Source:
https://scmp.com/business/companies/article/2131266/hong-kongs-hang-lung-properties-sees-2017-underlying-profit-fall
Business/ Companies

Hong Kong’s Hang Lung Properties sees 2017 underlying profit fall on declining China mall rental income

Including a revaluation gain, net profit rose 31 per cent, and the developer expresses confidence in its outlook

Including a revaluation gain, net profit rose 31 per cent, and the developer expresses confidence in its outlook

Hong Kong developer Hang Lung Properties, which owns the Fashion Walk shopping area in Causeway Bay and eight shopping centres in China, reported a 13 per cent fall in 2017 underlying profit, citing fewer property sales and a decline in rental income from its mainland China business.

Underlying profit for the year, which excludes revaluation gains in investment properties, dropped to HK$5.53 billion (US$707.3 million), although net profit jumped 31 per cent to HK$8.12 billion after a revaluation gain of HK$2.59 billion, above the range forecast by analysts in a poll by Reuters of HK$3.59 billion to HK$7.1 billion.

It will pay a final dividend of 58 HK cents, unchanged from last year. Turnover fell 14 per cent to HK$11.19 billion.

Its profit from property sales declined 30 per cent to HK$2.23 billion in 2017. In 2017 it sold just 226 units of The Long Beach housing estate in southwest Kowloon; one semi-detached house at 23-39 Blue Pool Road on Hong Kong Island, and the last duplex unit of The Harbourside apartment complex in West Kowloon.

“Don’t underestimate the difficulty of this market,” said company chairman Ronnie Chan Chi-chung, noting its volatility and saturation by financially strong players with years of experience.

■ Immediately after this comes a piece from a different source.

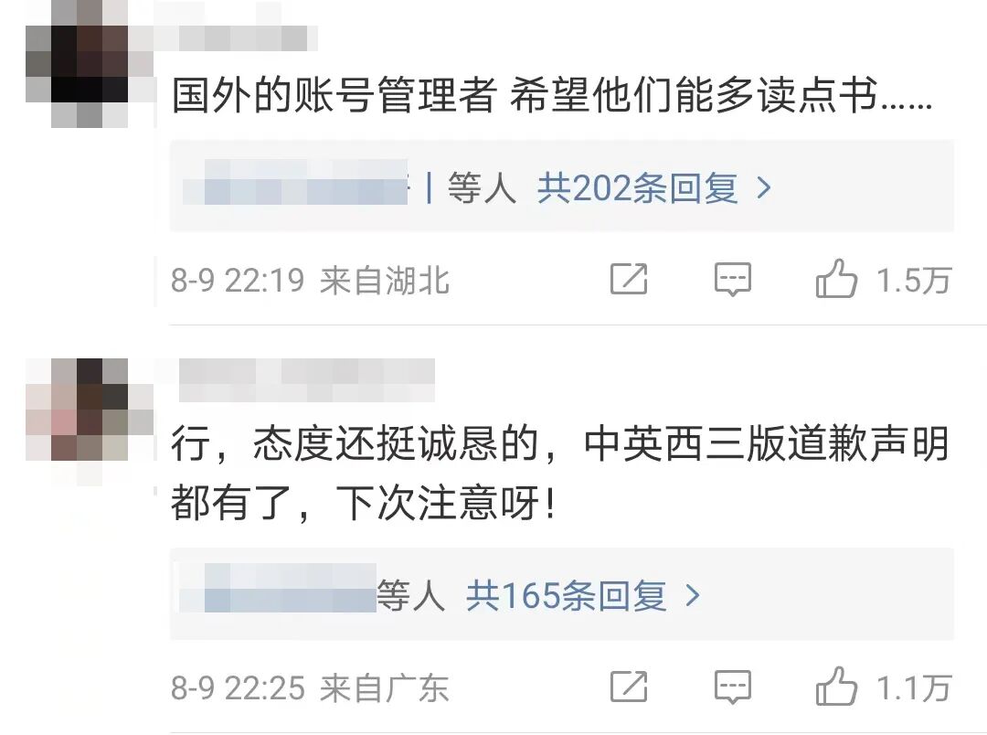 但也有网友发现了其它问题,发现在英文版的道歉声明里只说了删除推文,而并没有像中文里表示将会惩罚和终止合作的话语。

Chairman of Hang Lung Properties, Ronnie Chan Chi-chung, speaks on the company’s 2017 earnings. Photo: Xiaomei Chen
Chairman of Hang Lung Properties, Ronnie Chan Chi-chung, speaks on the company’s 2017 earnings. Photo: Xiaomei Chen

“No one should expect Hong Kong to be a low priced real estate region. It will not happen.”

He said that Hong Kong players would still dominate the local market, with some of the mainland Chinese developers who had moved in being pushed out again.

“I believe the major Hong Kong players will still be the dominant ones in the next five years.

The company also citied difficult conditions in mainland China.

“We have just come out of one of the worst luxury retail environments I have ever seen and we still grew, just not much for the last few years,” Chan said, talking about Hang Lung’s shopping centres. “Now it is recovering and it will take a little bit of time for it to be reflected in our numbers.”

“Some of our properties have a lot of potential to be upgraded with a lot of luxury shops, and those luxury shops have an ability to pay rent that is far better,” he said.

“We as a team are really quite comfortable about our future in the next four years, barring any catastrophic events. I think our rental growth will be very good.”

Its parent company, Hang Lung Group, reported a fall in underlying profit of 12 per cent to HK$3.31 billion for 2017, and declared a final dividend of 61 HK cents, the same as 2016.

Shares in Hang Lung Properties dropped 5.4 per cent to close at HK$20.10 after the results. Hang Lung Group shares lost 2.97 per cent to HK$29.40.